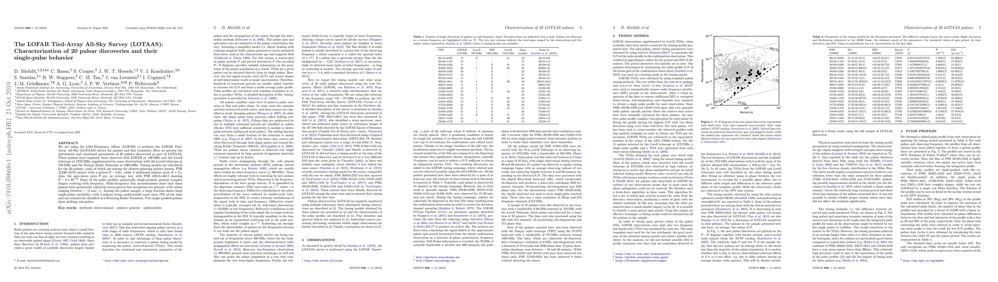 The LOFAR Tied-Array All-Sky Survey (LOTAAS) discovered 20 pulsars, characterized by slow rotation periods and low spin-down rates. These pulsars exhibit complex single-pulse behavior, including drifting sub-pulses and significant variability, with some classified as Rotating Radio Transients.
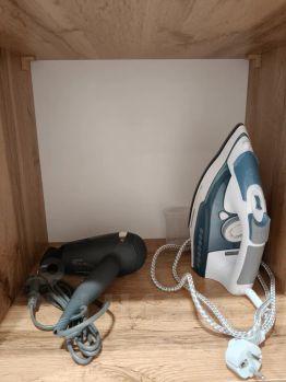 - стиральная машина, утюг, гладильная доска, сушилка для белья, фен
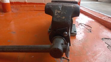Слесарные тиски на металлическом столе/тумбе. Описание: - Массивные

_PROMPT_. Leave out any pictures and return exactly the lines from the beginning of the data through the line with "- стиральная машина, утюг, гладильная", inclusive.

_RESULT FOR THIS EXERCISE_.
 The LOFAR Tied-Array All-Sky Survey (LOTAAS) discovered 20 pulsars, characterized by slow rotation periods and low spin-down rates. These pulsars exhibit complex single-pulse behavior, including drifting sub-pulses and significant variability, with some classified as Rotating Radio Transients.
 - стиральная машина, утюг, гладильная доска, сушилка для белья, фен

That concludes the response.